• _What is needed_
Reproduce the listing below exactly, minus its pictures.

• _Exercise data_
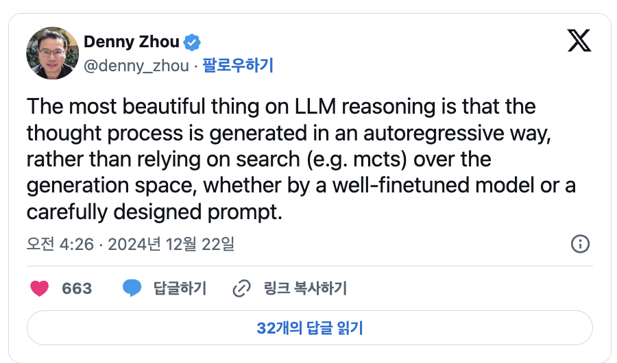 - 구글 딥마인드 연구원 데니 저우는 "o3는 본질적으로 생성 공간에서의 검색(MCTS)에 의존한 방식으로, 인간과 같은 진정한 추론이 아니다"고 비판했습니다.
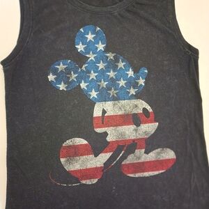 Sleeveless tank top featuring Mickey Mouse with an American flag design. Perfect for casual wear.
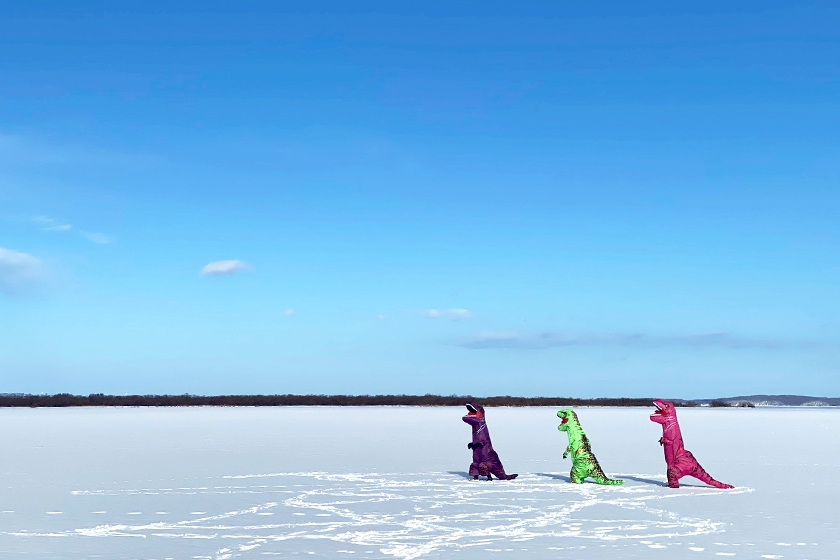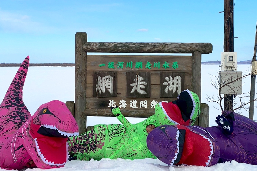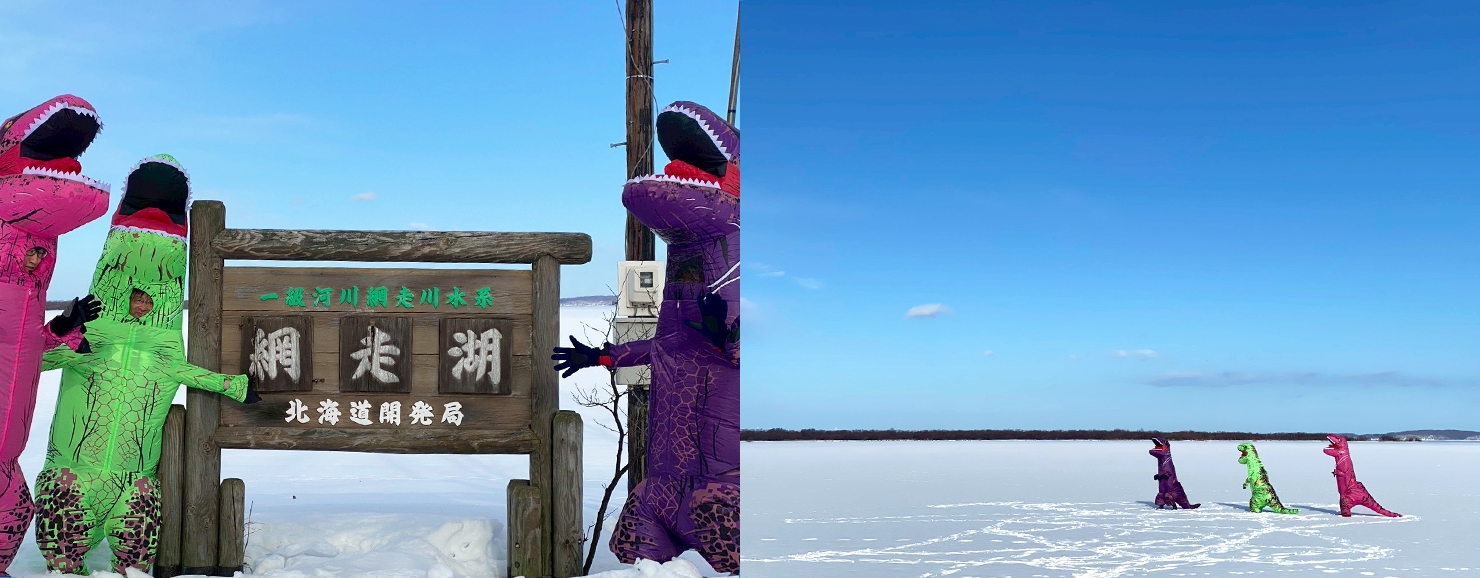 網走湖の氷上をティラノサウルスで駆け抜けろ!

• _Answer section_
 - 구글 딥마인드 연구원 데니 저우는 "o3는 본질적으로 생성 공간에서의 검색(MCTS)에 의존한 방식으로, 인간과 같은 진정한 추론이 아니다"고 비판했습니다.
 Sleeveless tank top featuring Mickey Mouse with an American flag design. Perfect for casual wear.
 網走湖の氷上をティラノサウルスで駆け抜けろ!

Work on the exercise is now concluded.